WORK ITEM: Once the line holding "Organizations at the" is found in the entries below, transcribe exactly every line up to and including the one holding "KIT 2 Regatas", but leave out the pictures.

(AVAILABLE DATA begins)

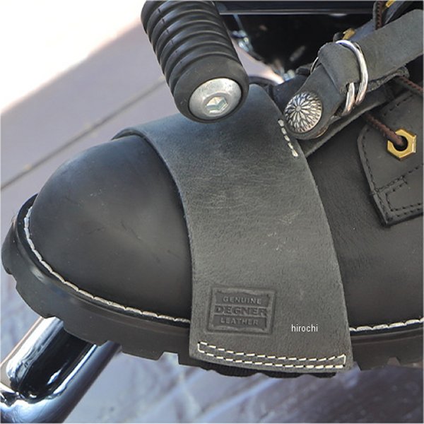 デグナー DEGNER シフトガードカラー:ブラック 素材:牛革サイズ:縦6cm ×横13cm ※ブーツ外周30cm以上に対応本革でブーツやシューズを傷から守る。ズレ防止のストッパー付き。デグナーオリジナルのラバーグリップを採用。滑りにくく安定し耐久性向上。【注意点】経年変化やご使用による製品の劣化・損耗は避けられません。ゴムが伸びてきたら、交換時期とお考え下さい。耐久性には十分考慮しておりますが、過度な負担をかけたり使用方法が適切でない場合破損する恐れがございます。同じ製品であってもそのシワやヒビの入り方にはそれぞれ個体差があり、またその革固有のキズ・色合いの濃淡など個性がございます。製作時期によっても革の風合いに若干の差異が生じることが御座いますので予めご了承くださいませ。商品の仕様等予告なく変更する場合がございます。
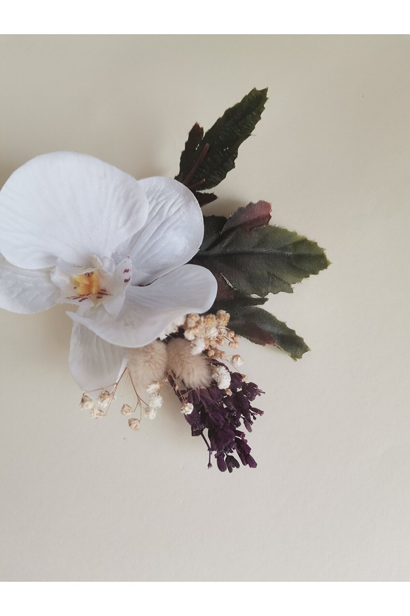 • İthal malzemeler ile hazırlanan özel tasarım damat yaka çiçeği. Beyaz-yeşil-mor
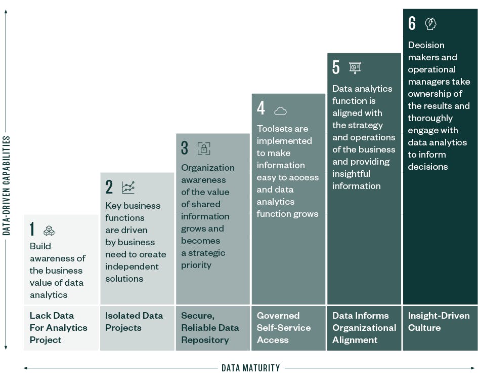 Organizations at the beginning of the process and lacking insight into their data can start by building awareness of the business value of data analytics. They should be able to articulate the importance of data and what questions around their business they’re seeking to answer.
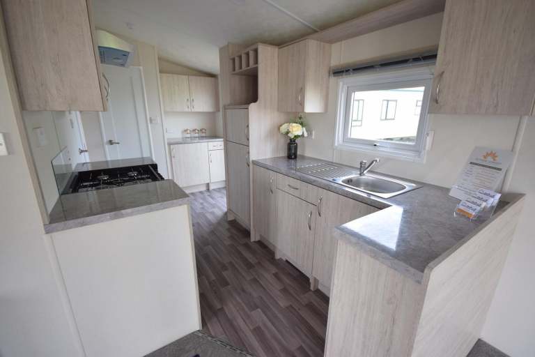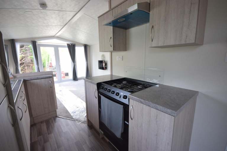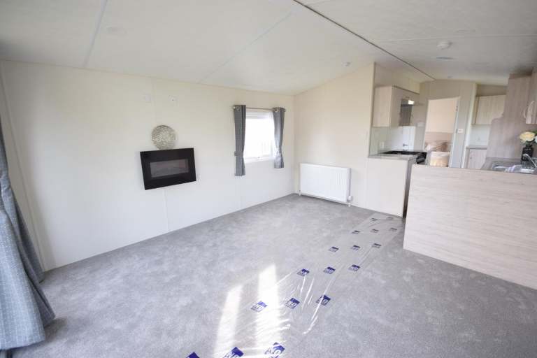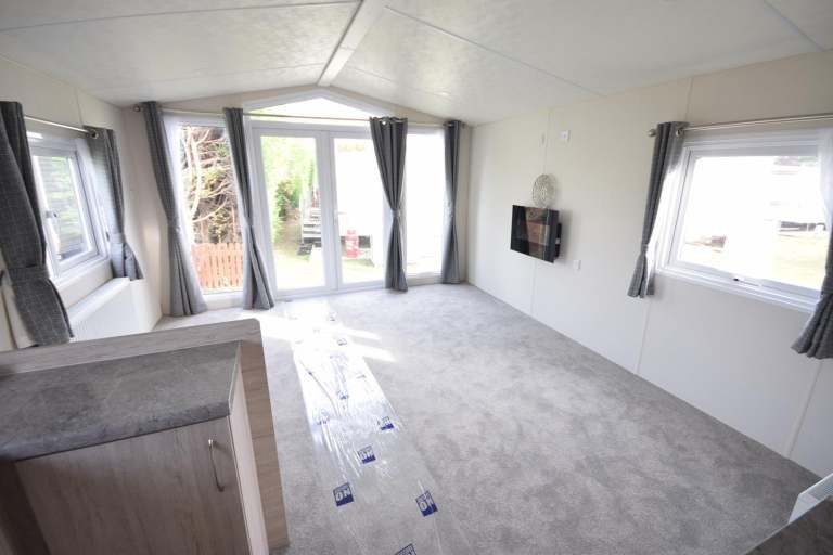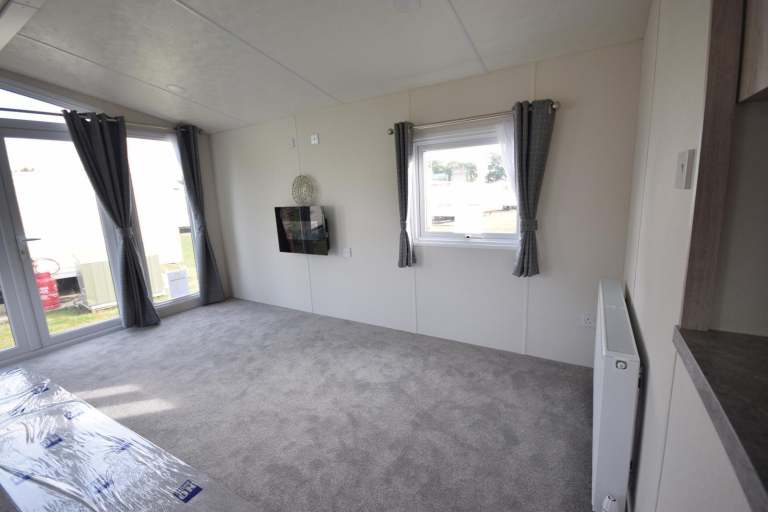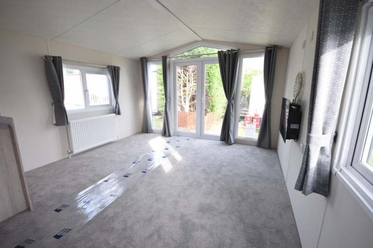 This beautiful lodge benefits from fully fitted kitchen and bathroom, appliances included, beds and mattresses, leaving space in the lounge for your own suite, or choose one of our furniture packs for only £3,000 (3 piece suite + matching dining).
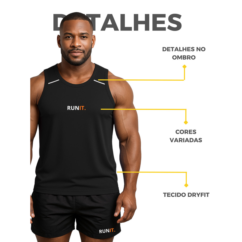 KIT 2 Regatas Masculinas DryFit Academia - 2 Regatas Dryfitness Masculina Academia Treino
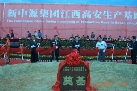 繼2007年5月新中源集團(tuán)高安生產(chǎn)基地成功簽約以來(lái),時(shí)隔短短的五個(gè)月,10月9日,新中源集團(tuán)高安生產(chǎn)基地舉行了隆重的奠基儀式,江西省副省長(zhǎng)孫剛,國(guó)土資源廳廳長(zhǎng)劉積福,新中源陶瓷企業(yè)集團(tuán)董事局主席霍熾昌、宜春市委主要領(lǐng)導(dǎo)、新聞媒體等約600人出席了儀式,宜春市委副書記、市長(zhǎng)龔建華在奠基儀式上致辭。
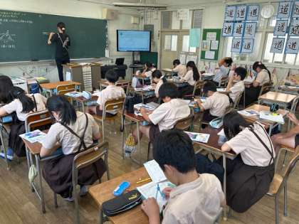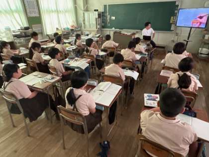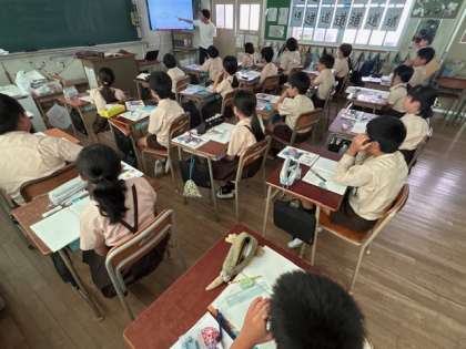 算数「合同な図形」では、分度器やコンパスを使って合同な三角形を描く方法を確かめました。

(AVAILABLE DATA ends)

EXPECTED OUTPUT:
 Organizations at the beginning of the process and lacking insight into their data can start by building awareness of the business value of data analytics. They should be able to articulate the importance of data and what questions around their business they’re seeking to answer.
 This beautiful lodge benefits from fully fitted kitchen and bathroom, appliances included, beds and mattresses, leaving space in the lounge for your own suite, or choose one of our furniture packs for only £3,000 (3 piece suite + matching dining).
 KIT 2 Regatas Masculinas DryFit Academia - 2 Regatas Dryfitness Masculina Academia Treino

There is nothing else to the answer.